Mothers, sisters, daughters, wives will want this book for the men in their lives
In writing the book, Dadson has spoken to numerous women about the subject matter and has been amazed at the level of interest from women.
“My fondest hope is that this book will be read by not only fathers and sons, but by mothers, wives, sisters, and daughters. The issues I am writing about affect all of us and ideally, we can help each other to achieve better mental health. I believe my book will help.”
Gender role strain and the “gender debate” – why men need specific psychological tools
Cultural norms around gender stereotypes are evolving rapidly today.
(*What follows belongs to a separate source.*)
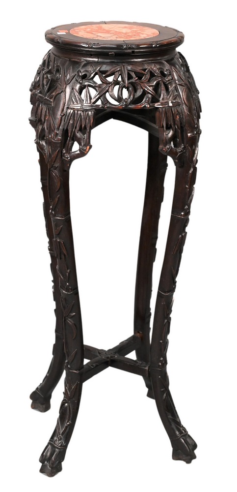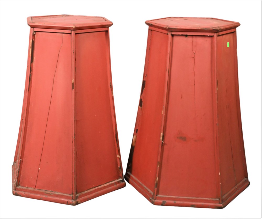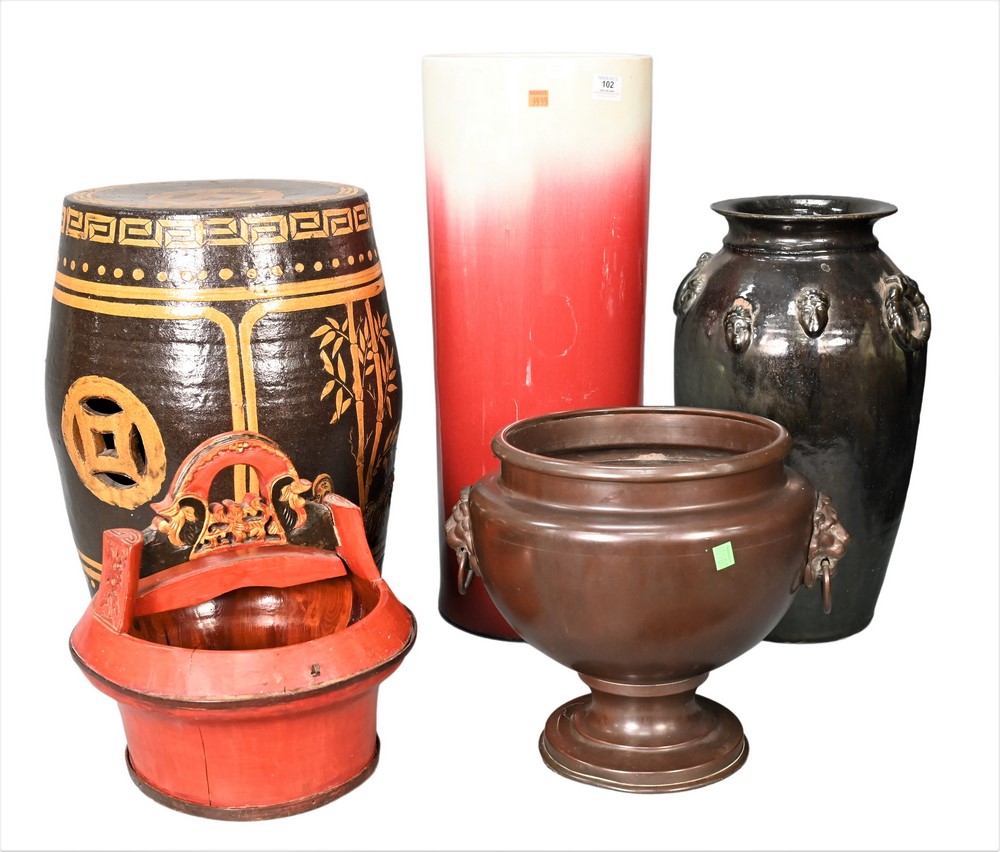 Five Piece Group of Assorted Asian Items, to include sang de boeuf umbrella stand, green glazed vase with applied mask, brown and yellow glazed garden seat, bronze pot and red lacquered box, tallest 24 1/2 inches.

Increasingly polemic attitudes towards, and expectations of, masculine vs. feminine roles are, in fact, causing men more psychological challenges than it would appear.
Today, in Western culture, many traditional concepts of masculinity and femininity are being challenged and new concepts are arising, causing confusion, conflict, and stress for a wide swath of society.
Men, women, and transgendered individuals alike can all suffer from gender role strain (GRS).
One of the most troubling elements of male mental health is the fact that men customarily will not seek help for their mental health issues, and the preponderance of successful suicide is male.
According to Dr. Michael Dadson:
“I decided I truly needed to write this book because I have been told that there is a need for it. In my work there are topics which I revisit with so many different men, because so many have faced very similar experiences. The path to healing, though different for every individual, is very often rooted in reconciling our true natures with our learned versions of masculinity.”
The “Stories of Our Fathers” book release date will be announced soon and will be published both physically and digitally.
To sign up for alerts and be notified by email when the upcoming book is available, click here.
Dr. Michael Dadson’s areas of expertise:
With specific expertise in male trauma, Dadson is a sought-after clinical counsellor for men’s issues in the Vancouver Lower Mainland, and is also rated one of Langley, British Columbia’s top marriage counsellors.
Michael Dadson has provided clinical treatment to individuals with a range of diagnoses, specializing in trauma and PTSD, anxiety and depression, male psychology, and relationship counselling for adults, adolescents, and children.
Michael Dadson and his wife, Jeanette Dadson, have also been assisting children with special needs and their families for over 30 years. As a Level III (3) therapeutic foster parent, Michael Dadson has worked with special needs foster children, and has been contracted through Intensive Child Care Resources Vancouver (ICCR).
As a therapeutic foster Dad, Dadson has lived and worked with Caucasian, Afghan, and First Nations children who have ADHD, Asperger’s Syndrome, FASD, major brain injuries and strokes.